Post-workout chocolate milk

This brings us to the most God tier post-workout food, chocolate milk.  Not only does it contain a good deal of sugar (to promote insulin secretion), the dairy protein is famously insulinotropic (promotes insulin secretion as well), the amino acid profile is great for building muscle, and it tastes great to boot.

But now we're conflicted, right? Insulin shuts off fat oxidation, which is bad.  But it also builds muscle, which is good.  Well, after an intense session of resistance training (the kind of serious lifting that goes on at the TFN studio), we will have depleted glycogen to a certain extent (this especially occurs througher higher repetition - or slower contraction - training), and for a period after the training bout, we will preferentially store incoming glucose as muscle glycogen.  This period is known as the glycogen resynthesis period, but you may know it better as the anabolic window.  To clear the air, I’m sorry but the supplement companies are toying with you when they make erroneous claims about needing to get carbs within 30 minutes of your workout.  The resynthesis period is peaked for around 2 hours but continues on a small-grade level for almost 24 hours after the bout.  You’re going to be fine if you don’t eat carbs right after, but it is pretty advantageous.

You don’t need me to tell you that this is the perfect combination - super-insulinotropic chocolate milk and glycogen-depleted muscles screaming for a refill.  While glycogen is depleted, the body has turned to stored fat for energy (aka we're losing fat).  

Word of caution

Keep in mind this is all a matter of amounts.  If you are only moderately “exercising” for 30 minutes, you likely will not have depleted enough glycogen or elicited enough of an endocrine response (think testosterone, cortisol, growth hormone, insulin-like growth factor, etc.) to keep insulin from shutting off fat burning.  As well, if you are consuming a disproportionately large bolus of carbohydrates, you will fill out muscle and liver glycogen stores and the rest will just go towards fat accumulation (not necessarily fat conversion).  

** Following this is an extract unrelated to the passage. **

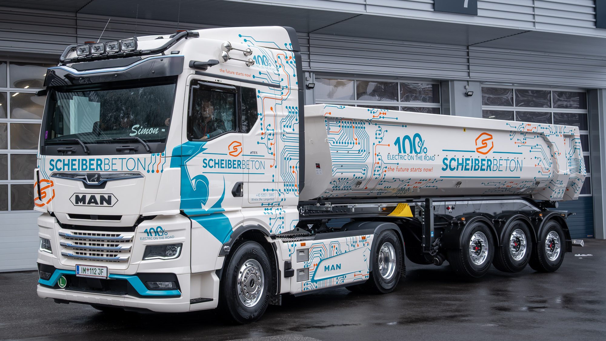 Die Gebrüder Scheiber GmbH ist seit über 40 Jahren auf die Produktion von Transportbeton, Baustoffen sowie Dienstleistungen in den Bereichen Erdbau, Transportwesen und Recycling spezialisiert. Das von Christian Scheiber geführte Unternehmen verfolgt eine klare Vision: eine umfassende E-Mobilitätswende mit dem Ziel, innerhalb der nächsten Jahre den gesamten Fuhrpark auf emissionsfreie Nutzfahrzeuge umzustellen.Derzeit werden Baumaterialien mit sechs dieselbetriebenen Sattelzugmaschinen zu Asphaltwerken im Tiroler Oberland transportiert. Um künftig einen emissionsfreien Transport innerhalb des Unternehmens zu gewährleisten, erfolgt nun die schrittweise Umstellung auf elektrische Sattelzugmaschinen. Mit der Investition in einen ersten batterieelektrischen Kipp-LKW setzt das Unternehmen ein starkes Zeichen für nachhaltige Transportlösungen im Baustoff- und Schüttgutbereich. Der E-Sattelzug kommt künftig unter anderem beim Transport von Hartspitt, Kies und Asphalt zum Einsatz und reduziert die CO₂-Emissionen im Vergleich zu einem konventionellen Diesel-Fahrzeug um rund 66 Tonnen pro Jahr.

What defines disproportionately large? According to nutrition wizard Lyle McDonald’s speculations, it should take around 100 to 150 slow reps or 150 to 240 faster reps per bodypart to fully deplete glycogen.  Do not base your training around this, though.  It is a theoretical model, but it can be used to get a better understanding of the degree to which training stimulus and glycogen resynthesis are related.